DIRECTIONS FOR THIS TASK =
Pull every line with "yellow" from the data.

[Dataset entries]
◇ ◇ ◇ ◇ ◇

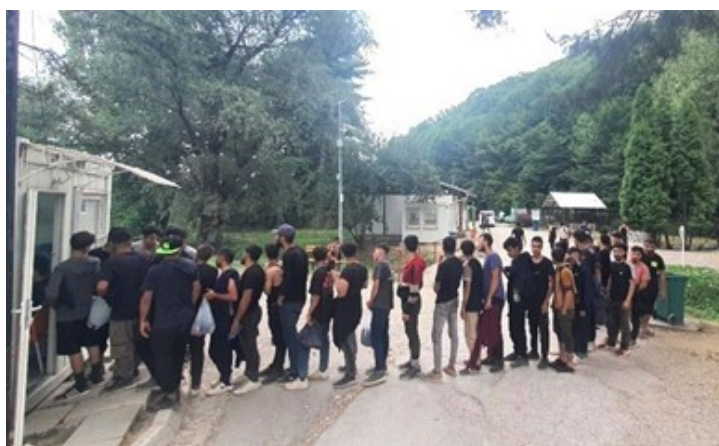
NEW ARRIVALS TO TRC BLAŽUJ.

The increase in the number of transfers of unaccompanied and separated children (UASC) from TRC Blažuj to TRC Ušivak continued, with proper supervision and assistance upon reception. A total of 327 UASC were transferred from TRC Blažuj over the course of the reporting period. At the end of the reporting period, UASC accounted for 67 per cent of the total arrivals in TRC Ušivak, including those initially registered at TRC Ušivak and those transferred from TRC Blažuj. Most children are nationals of the Syrian Arab Republic, followed by Afghanistan, Egypt and Iraq.
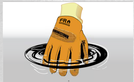
Waterproof Windproof Insulated
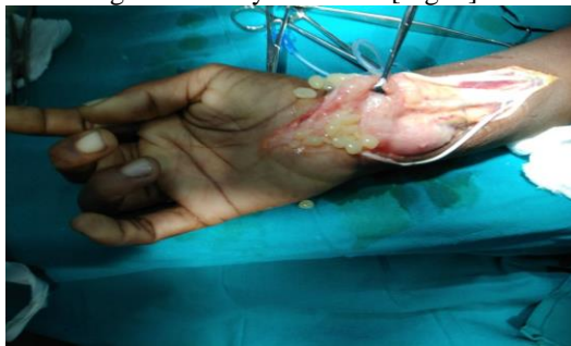
Fig. 2: Synovial sac dissected, free rice bodies (yellow colored)

of the tendons many free yellow colored rice bodies found coming out from synovial sac [Fig. 2].
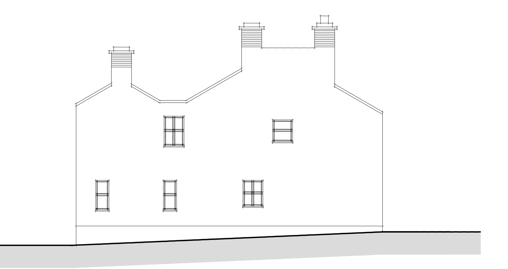
SIDE E LEVATION

◇ ◇ ◇ ◇ ◇

SOLVED EXERCISE =
Fig. 2: Synovial sac dissected, free rice bodies (yellow colored)
of the tendons many free yellow colored rice bodies found coming out from synovial sac [Fig. 2].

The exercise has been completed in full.